Design and kinematics in total knee arthroplasty

Vitantonio Digennaro 1,, Francesco Zambianchi 1, Andrea Marcovigi 1, Raffaele Mugnai 1, Francesco Fiacchi 1, Fabio Catani 1
PMCID: PMC3923950  PMID: 24420156

Abstract

Purpose

Posterior stabilised (PS) total knee arthroplasty (TKA) design development that focused on restoring normal knee kinematics was followed by the introduction of reason-guided motion designs. Although all PS fixed-bearing knee designs were thought to have similar kinematics, reports show they have differing incidences and magnitudes of posterior femoral rollback and axial rotation. In this retrospective comparative study between two guided-motion total knee systems, we hypothesised that kinematic pattern has an influence on clinical and functional outcomes.

Methods

This study represents the continuation of a previously reported clinical and kinematics analysis. We retrospectively reviewed 347 patients treated with two different TKA designs: Scorpio NRG (Stryker Orthopedics) and Journey Bi-Cruciate Stabilised (BCS) knee system (Smith & Nephew). Two hundred and eighty-one patients were assessed clinically. Patients were divided into groups according to implanted TKA. Clinical evaluation with the Knee Injury and Osteoarthritis Outcome Score (KOOS) questionnaire was performed. Fifteen Scorpio NRG and 16 Journey BCS patients underwent video fluoroscopy during stair climbing, chair rising/sitting and step up/down at six months of follow-up.

Results

At an average 29 months of clinical follow-up, patients with Journey BCS TKAs reported better clinical results. Stiffness was more frequently reported in the Journey group (5.2 % vs 1.2 %), whereas anterior knee pain was observed in the Scorpio NRG group (1.9 %) only. Both prosthetic models reported different posterior translation of the medial and lateral contact points (CP) in all analysed motor tasks during knee flexion (BCS 10–18 mm; NRG Scorpio 2–3 mm). Both designs produced progressive external rotation of the femoral component relative to the tibia during flexion.

Conclusions

Journey BCS showed statistically significant better KOOS results. The higher posterior femoral rollback observed in the kinematic assessment of this design, associated with a better patellofemoral design, may be the reason for better clinical outcome. The reported cases of stiffness and anterolateral joint pain could be attributed to excessive medial and lateral tibiofemoral posterior translation. The NRG group demonstrated good axial rotation, but this was not coupled with physiological kinematic patterns. Patellofemoral pain can be explained by a less friendly femoral-groove design. TKA clinical–functional outcome and complications were highly influenced by the bearing geometry and kinematic pattern of prosthetic designs.

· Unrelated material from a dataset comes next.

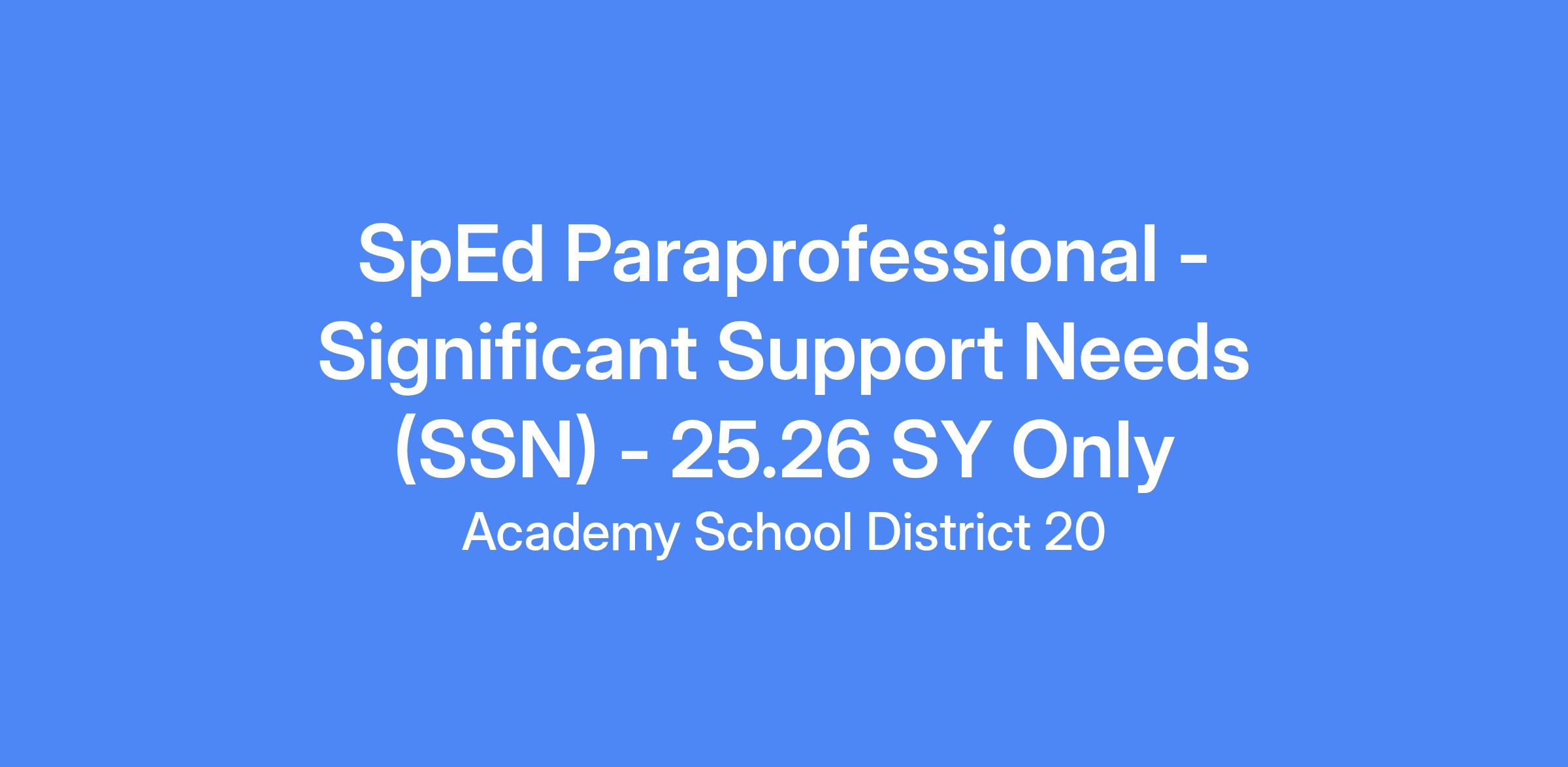 01/05/2026SpEd Paraprofessional - SSN performs the day-to-day activities of teaching special education students while under the supervision of a teacher. The paraprofessional does not make diagnostic or long-term education decisions regarding special education students. This includes individuals who may or may not be licensed. Assignments may involve non-traditional learning environments such as building and off-campus work sites. Supports the principal and classroom teachers in implementing the Significant Support Needs (SSN) programs and encourage a positive and safe learning environment. Assists the licensed special education teachers, occupational therapists, physical therapists, nurses, and other evaluative staff in the implementation of the goals of severely/profoundly disabled students.This position is for the 2025-2026 School Year only.

Keywords: TKA design, Kinematics, Fluoroscopy, Clinical result

Introduction

Total knee arthroplasty (TKA) is the gold standard for treating symptomatic, late-stage knee osteoarthritis (OA). Although surgical techniques and implant designs have improved through the years, as evidenced by excellent survivorship and long-term results [1], patients’ satisfaction after TKA is still no more than 70–75 % [2, 3].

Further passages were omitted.